Tuesday, February 5, 2013

Exclusive! Book Excerpt!

Driving Miss Crazy
We make a lot of assumptions—and assume that we must find solutions—based on personal experience and cultural norms.  For instance, we might assume that a single person is not single by choice so we'll encourage them by trying to play matchmaker.  Or we might assume that a childless woman is just that because she can't have children, not because she chooses not to.  Or that something must be done to get that reclusive widow back out into the world because, well, she just couldn't be happy being on her own all the time.
One of my favorite stories that demonstrates this tendency is when my second son was four.  My mother had recently died—much too young—and our family had all attended her memorial service.  Back at home a few weeks later I was working in the kitchen and Kyle was playing quietly alone not far away.  Then suddenly he approached me.  "Mama," he began his query, "Nana was your mama, right?"  "Yes," I replied.  "And Nana died."  "Yes," again.  I could almost "see" the wheels of his little brain working on this human algebraic equation.  So next, logically, "So that means you don’t have a mama."  "No, not anymore."
The sheer emotional weight of that conclusion must have been sinking in as he remained silent for a while.  Then, suddenly and brightly he bounced back.  "I know!" he exclaimed, as though he had been called upon to find a solution.  And he had.  He had ticked off in his mind all the potential "mama" figures that were left to us: his GeeGee (his father's grandmother) and his Gramma (his father's mother) were still alive and available for the job.  "GeeGee can be daddy's mama and Gramma can be your mama!"  And with that he mentally rubbed his hands together as if to announce that the problem was solved, the problem that only a four-year-old could truly appreciate: no one should be without a mama.
I think this phenomenon is responsible for the numbers of people who feel the need to suggest solutions to my not driving.  The assumption is that from their perspectives not being able to drive would be a fate worse than death and therefore I must have the same outlook.  They also assume, presumably!—that I'm not driving because I just hadn't thought about the solution that they are about to put forth.
I am reminded of the day that I announced to a dear friend (a woman who is 10 years my senior and whose children were entering college when mine were just entering school) that I was pregnant with a little surprise—our fourth child.  I was shocked by the intensity of her irate response and the venomous attack on the supposed irresponsibility of my husband!  In a word, she was furious at him for doing that to me!  Later she revealed the cause of her anger—she had responded not as she would as my friend but as if it were she who was again pregnant.  Projecting herself into my situation, ten years older and thoroughly done with raising children, she naturally had severe anxiety which manifested itself in rage.

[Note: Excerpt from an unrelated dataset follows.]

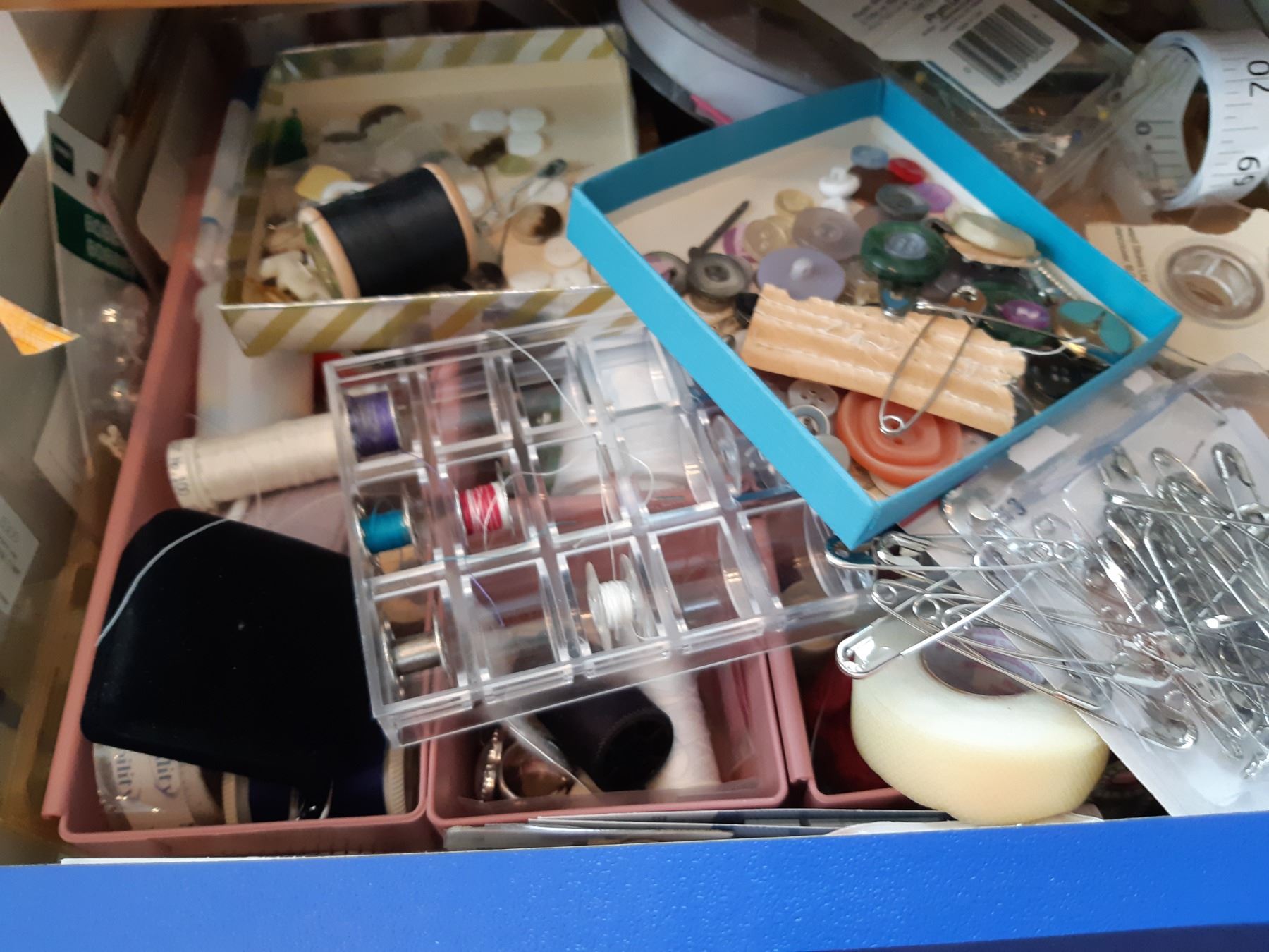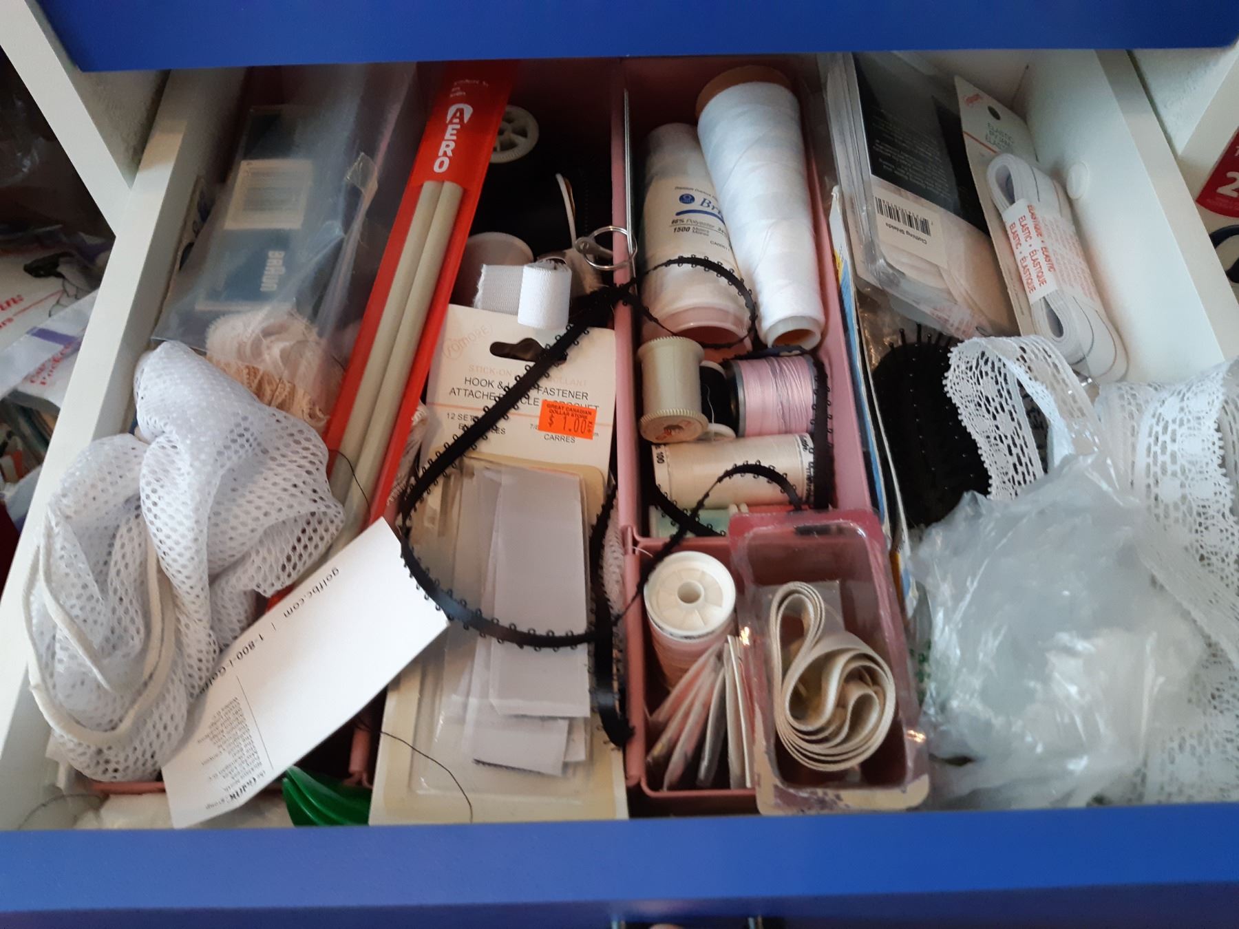 Fabric, sewing notions and contents of 4 drawers, pickup 11am

So it seems to be with my friends who would empathize with my predicament.  Now I know you all mean well.  And I know you might just find this hard to believe.  But I just don't miss driving!!  Really I don't!  I'm not just saying that because I can't and I don't see any solution to the problem.  I really don't mind it.  I know!  I'm surprised to hear it coming from my own lips but it appears to be true for me.  It is rare that I feel trapped by not being able to hop into my car and drive any where I wish.  I feel quite content to be driven where I need to go, perhaps in part because I don't feel a need to go too many places.  I especially don't feel a need to go where your kind advice is driving me!
Recently I've begun to have dreams about driving—or contemplating driving—and then remembering that I can't.